● **Work instructions**: Only the lines from the start of the data below through the line that contains "City Hatchback 从原有的全车系现金优惠" are to be copied, exactly and without pictures.

● **Available data**:

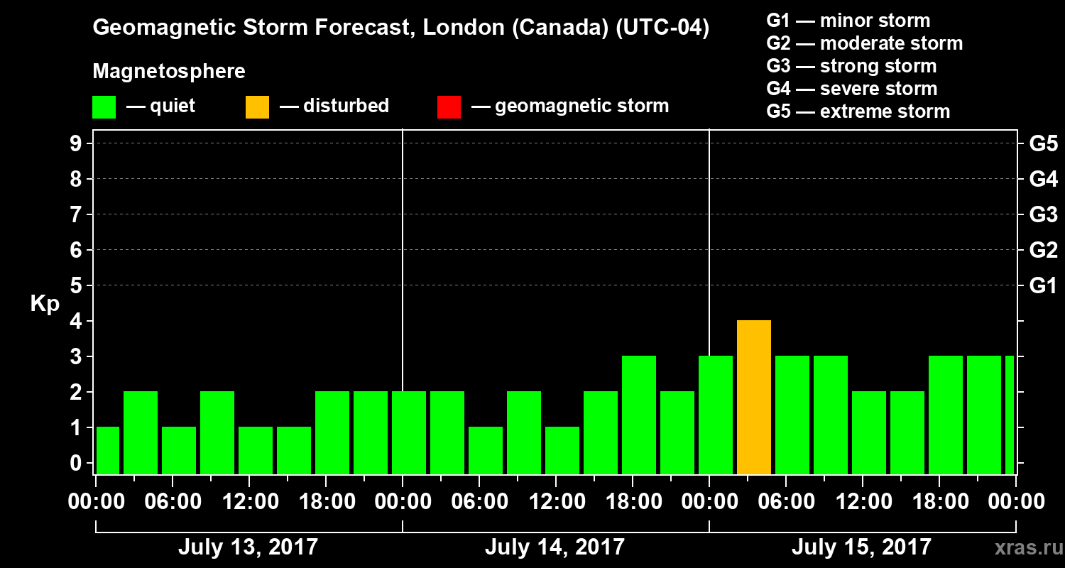 Geomagnetic storm forecast in London (Canada) for Jul 13, 2017
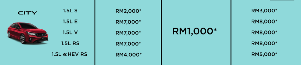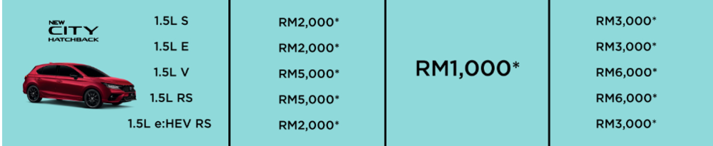 City Hatchback 从原有的全车系现金优惠 RM2,000 ,提升至 RM2,000 至 RM5,000 。唯有 1.5L V 和 1.5L RS 两个等级获得 RM5,000 现金优惠。总折扣介于 RM3,000 至 RM6,000。
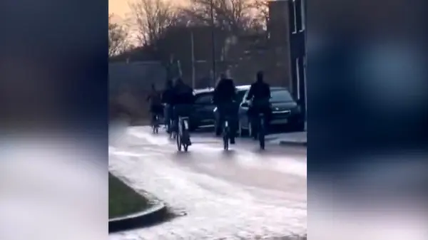 به گزارش رکنا، شخصی در حال فیلمبرداری از چند دوچرخه سوار است که در یک مسیر برفی در حال حرکت هستند و در پیچ، همگی با هم سُر میخورند.
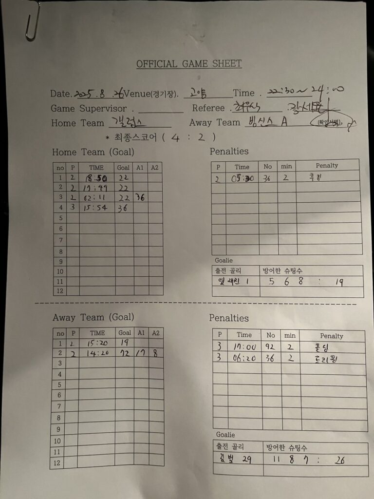 | 2025년 08월 26일 | 22:30 | DIV 2 | 2025 정규시즌 |
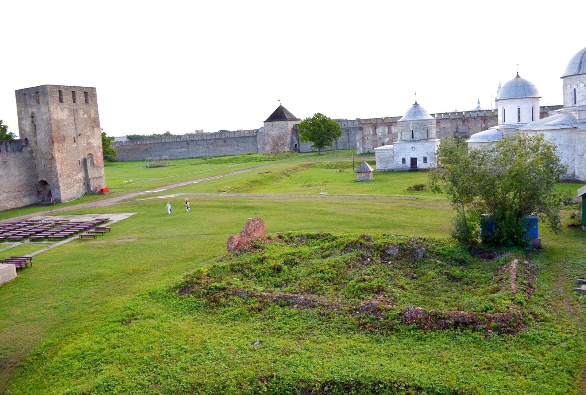 Передний план фотографии занимает ухоженная территория с зелёным газоном, где сохранились фрагменты старинной каменной кладки, напоминающие о богатой истории этого места. Присутствующие на снимке деревянные скамейки создают атмосферу умиротворённости и располагают к благоговейному созерцанию святынь. Несколько человек, прогуливающихся по территории, помогают оценить масштаб архитектурного комплекса.
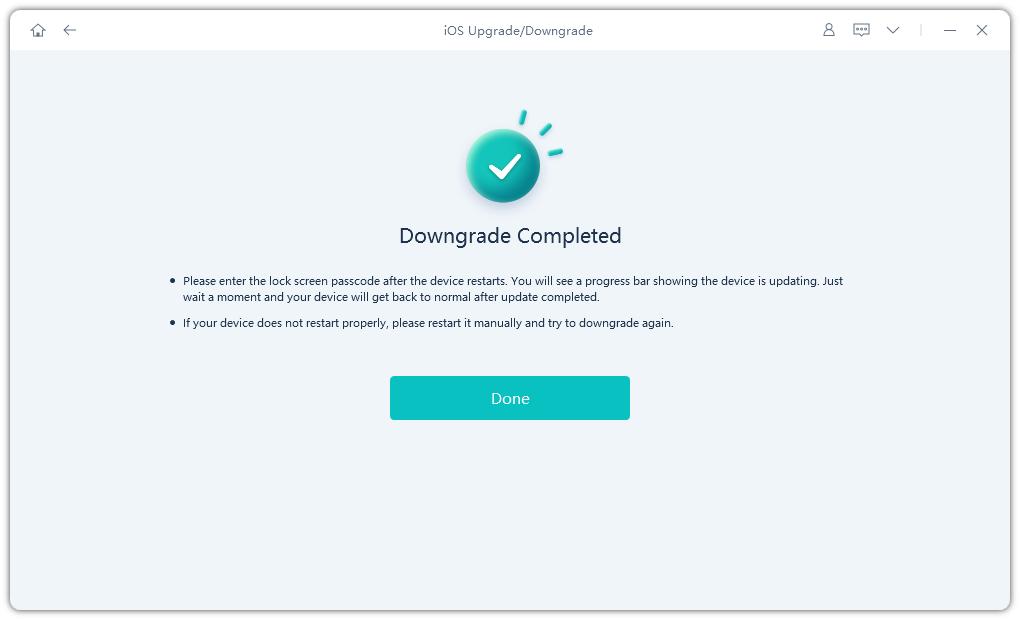 - Schritt 5UltFone beginnt mit dem Downgrade Ihres iOS/iPadOS. Trennen Sie Ihr Gerät während dieses Vorgangs nicht. Sobald es abgeschlossen ist, kehrt Ihr iPhone/iPad zur vorherigen Version zurück.
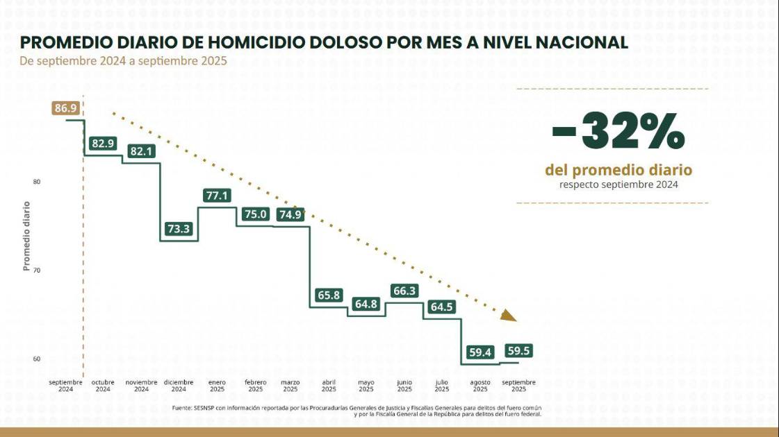 “La administración de la Presidenta, la doctora Claudia Sheinbaum [Pardo], inició con un promedio de 86.9 homicidios diarios en el País y este septiembre de 2025 cerró en el 59.5 está disminución, que como señalaba es de 32 por ciento, este septiembre de 2025, se registraron 27 homicidios dolosos menos diarios de los que se registraron en septiembre de 2024”, detalló la funcionaria federal.
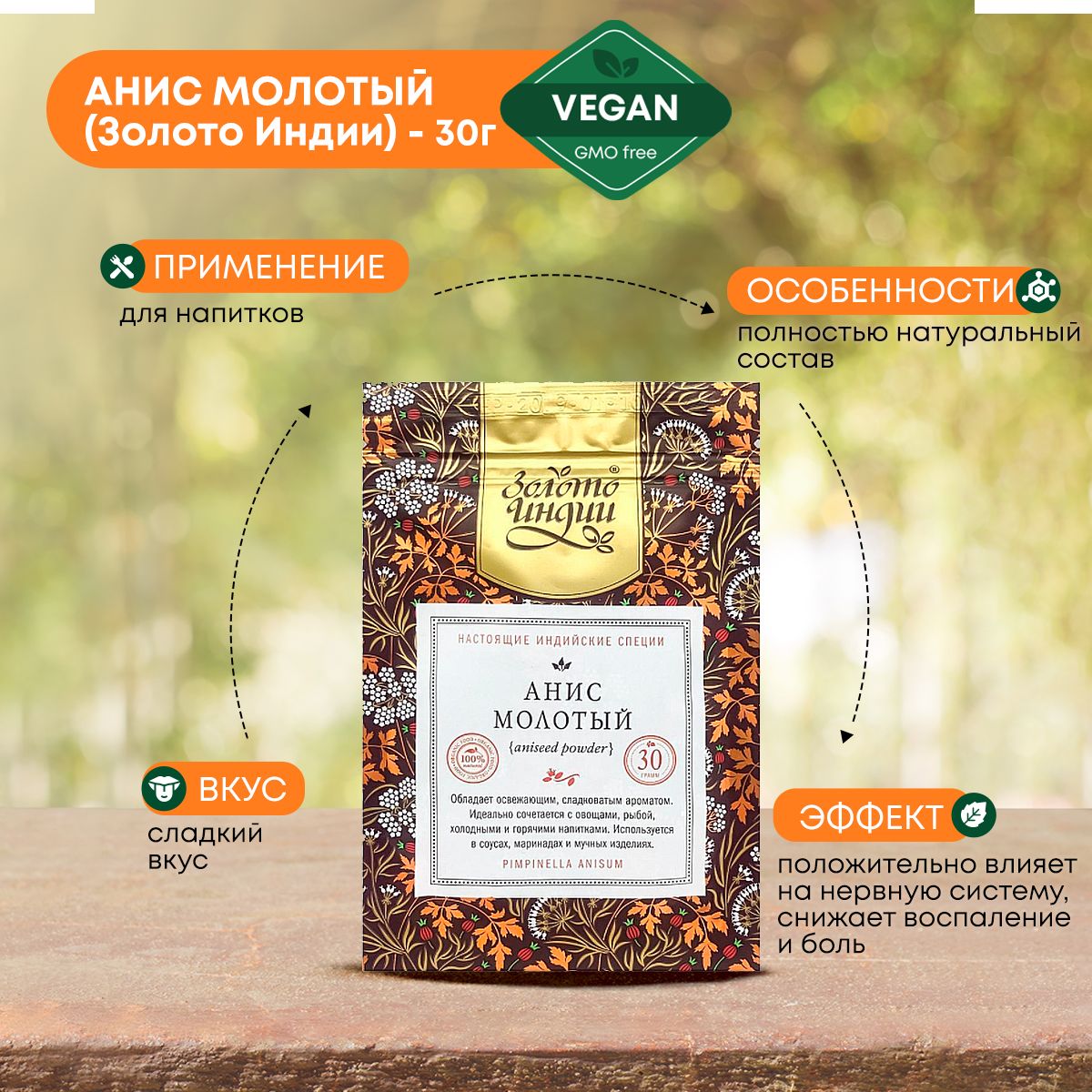 Анис зездчатый / Бадьян молотый специи и приправы Золото Индии, 30г

● **Result**:
 Geomagnetic storm forecast in London (Canada) for Jul 13, 2017
 City Hatchback 从原有的全车系现金优惠 RM2,000 ,提升至 RM2,000 至 RM5,000 。唯有 1.5L V 和 1.5L RS 两个等级获得 RM5,000 现金优惠。总折扣介于 RM3,000 至 RM6,000。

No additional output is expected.